5-20. The Future of Data-Driven EHS Management: Collaboration Between Humans and AI
- yutofukumoto
- Aug 21
- 2 min read
Updated: Aug 22
EHS (Environmental, Health, and Safety) management is evolving beyond traditional compliance and accident prevention. It's moving into a new phase that enables data-driven business decisions. The use of data, especially through collaboration with AI (Artificial Intelligence), is expected to play a crucial role in improving a company's risk management and sustainability. This article explains the future of data-driven EHS management and the ideal way for humans and AI to work together.
1. Characteristics of Data-Driven EHS
Data-driven EHS management is a system that uses a vast amount of data—collected from sensors, IoT devices, wearable devices, and cloud systems—to predict risks and guide improvement measures.
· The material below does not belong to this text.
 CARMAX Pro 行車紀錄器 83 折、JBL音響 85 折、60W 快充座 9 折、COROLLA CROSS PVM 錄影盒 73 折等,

By enabling real-time detection of anomalies and analyzing past near-miss incidents, it becomes possible to prevent accidents. Additionally, integrating this data with environmental information allows companies to directly reduce greenhouse gas emissions and improve energy efficiency.
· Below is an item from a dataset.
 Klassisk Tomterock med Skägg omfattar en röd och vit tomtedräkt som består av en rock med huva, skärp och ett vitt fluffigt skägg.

2. The Role of AI and Human Judgment
While AI excels at recognizing patterns in large datasets and performing predictive analysis, it cannot fully grasp on-site conditions or the psychological aspects of employees. Therefore, an ideal model is one of collaboration, where humans evaluate the risk predictions generated by AI and combine them with on-site knowledge to make decisions. For example, if an AI predicts equipment failure, a human would then conduct an on-site inspection and decide whether to perform repairs or change operational procedures.
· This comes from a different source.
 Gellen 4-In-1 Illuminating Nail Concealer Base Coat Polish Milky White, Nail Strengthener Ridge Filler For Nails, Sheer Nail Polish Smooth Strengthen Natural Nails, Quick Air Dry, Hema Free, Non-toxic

3. Establishing a Data Platform
The future of EHS management requires building a platform that integrates data from both inside and outside the company. Centralizing data from different areas—such as occupational safety, environmental impact, compliance, and health management—and visualizing it on a dashboard will enable management to make quick decisions. From an ESG investment perspective, transparent data disclosure directly enhances corporate value.
4. Human-Centered AI Use
Even as AI becomes more prevalent, humans remain at the core of EHS management. By improving employee safety awareness and using on-site feedback to train the AI, companies can achieve more accurate risk predictions and better improvement measures. It's crucial to position AI as a supplementary tool that supports human judgment.
Conclusion
The future of data-driven EHS management lies in a collaborative model that fuses human experience with AI's analytical capabilities. By leveraging IoT, big data, and AI while keeping humans in charge of final decision-making, companies can strengthen accident prevention and reduce their environmental impact, thereby achieving sustainable business management. This is the direction in which EHS management is evolving, and it is the approach that companies must take going forward.